# What Camera Bag is Most Recommended for Photo Journalism?



## dhall (Aug 24, 2009)

I will be traveling to Washington D.C. in a couple of weeks and need to travel light.

I will be traveling by the Metro, so I do no want a large camera bag or backpack to encumber me.

I will be taking one to two camera bodies, a wide angle telephoto, a long telephoto (i.e. 80-200), a flash unit, batteries, compact flash cards.

My first day, I will be visiting the Capitol building and hopefully my senator. I will be wearing a suit.

The following day, I will be in regular street clothes but will be working outdoors most of the day.

I have a Domke photographer's vest, but do not know how many photo journalists actually wear these.
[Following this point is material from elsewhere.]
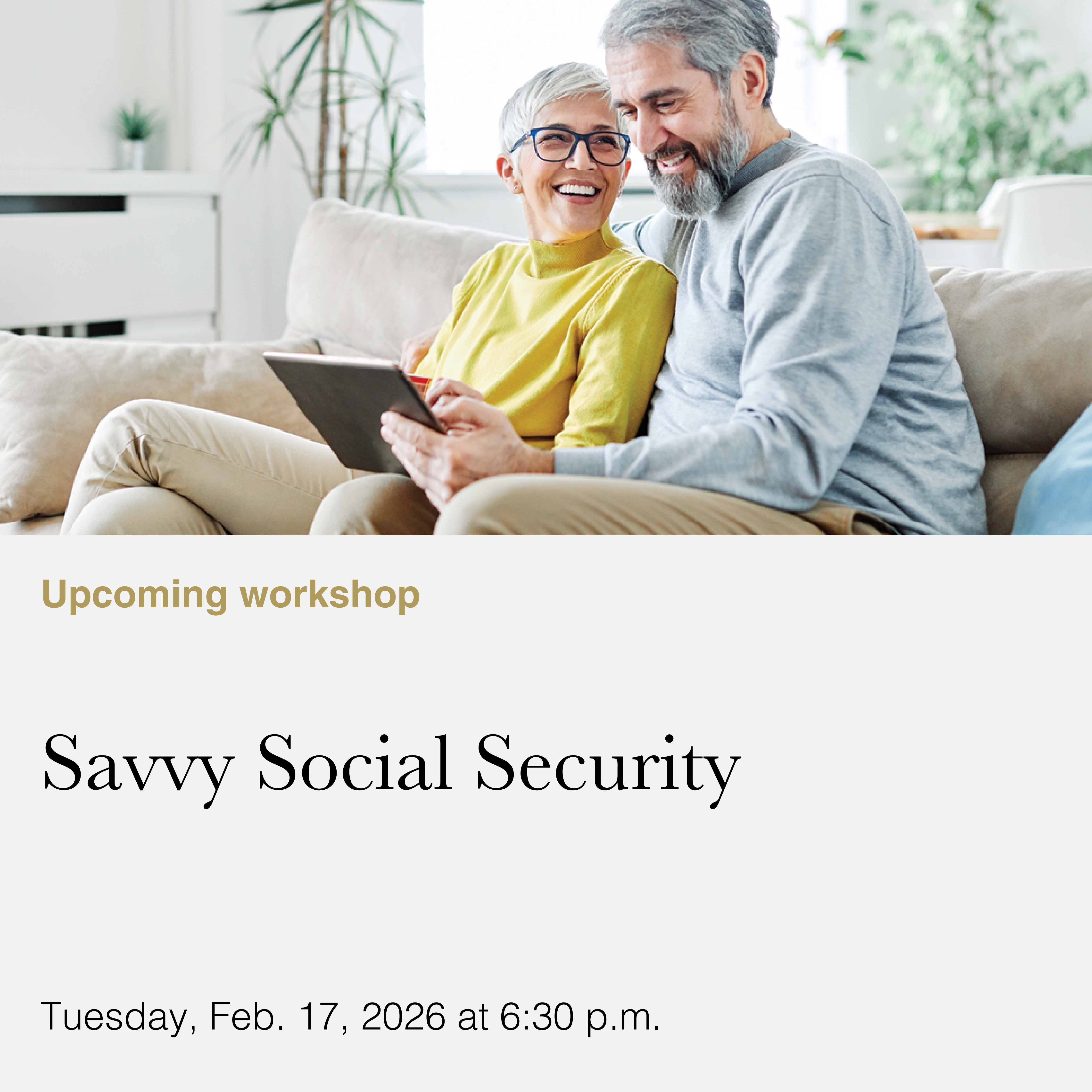 Careful planning can help you get the most out of your Social Security benefits. Savvy Social Security is a free workshop from Thrivent that will help you determine the ideal time to apply and ways to help maximize your Social Security benefits while minimizing taxes on those benefits.

I would like something that fits around the waist like a fanny pack that provides easy access to my gear. I also do not want to be a target for would-be thiefs!
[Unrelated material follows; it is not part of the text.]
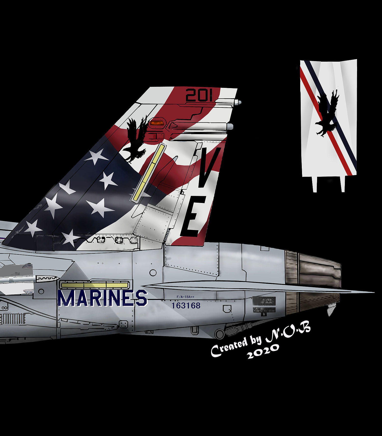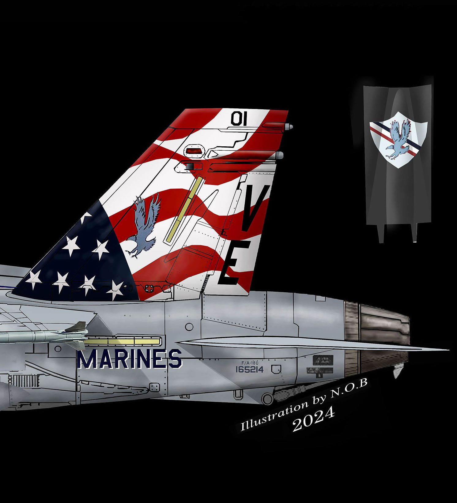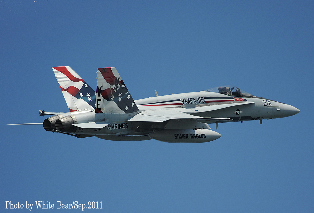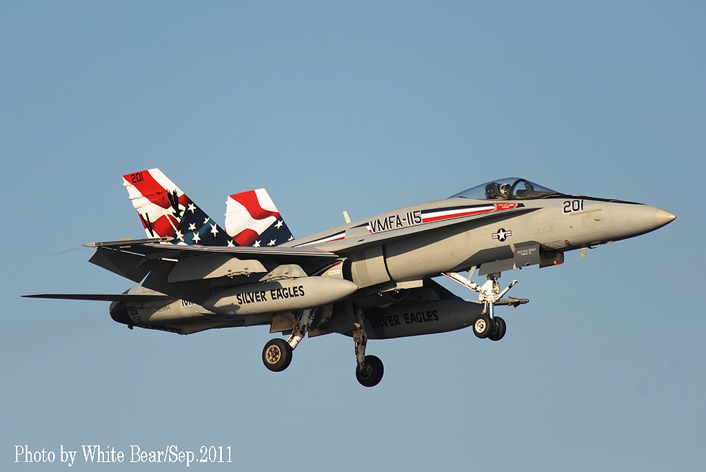 ↑ 2011年9月に再びVMFA-115のFA-18A++12機が岩国基地に飛来した。今回はVE-201/Bu.No.162884は最初から星条旗のマーキングを入れており、このマーキングでは第2代目となる。FA-18Aは、+が++に更新されている事に注意

Any recommendations from the pros?


----------



## KmH (Aug 24, 2009)

*Think Tank gear.*

or    *http://www.bhphotovideo.com/c/buy/Belt-Hip-Packs/ci/177/N/4294538510*


----------



## Big Mike (Aug 24, 2009)

Lowepro makes a waist belt system.


----------



## IgsEMT (Aug 24, 2009)

look into backpacks. i love them!


----------



## musicaleCA (Aug 25, 2009)

IgsEMT said:


> look into backpacks. i love them!



Backpacks are great in terms of weight distribution and how much stress is put on your muscles. Messenger bags create more tension, no matter how you wear them. *But* a backpack can slow-down access to your gear. I keep my tele in the closest outside compartment in my bag, so that I can reach behind and grab it to swap it out on the fly, but for anything else (gaffer's tape, gels, a pen, deodorant, whatever), I've gotta take the whole thing off. Grr.


----------



## CxThree (Aug 25, 2009)

I don't have one, but the industry standard Photojournalist bag has usually been the Domke F-2.  Personally, I like a backpack.  The single sholulder systems tend to be painful over time.  I have a large backpack for a lots of gear and then a smaller one for a day trip.  For the small one, I use the Lowepri Flipside 300.  It can hold my camera with large zoom attached, a flash, and 2 lenses.  It's also really safe in a crowd, as it opens from the back, which is against my back in a crowd.  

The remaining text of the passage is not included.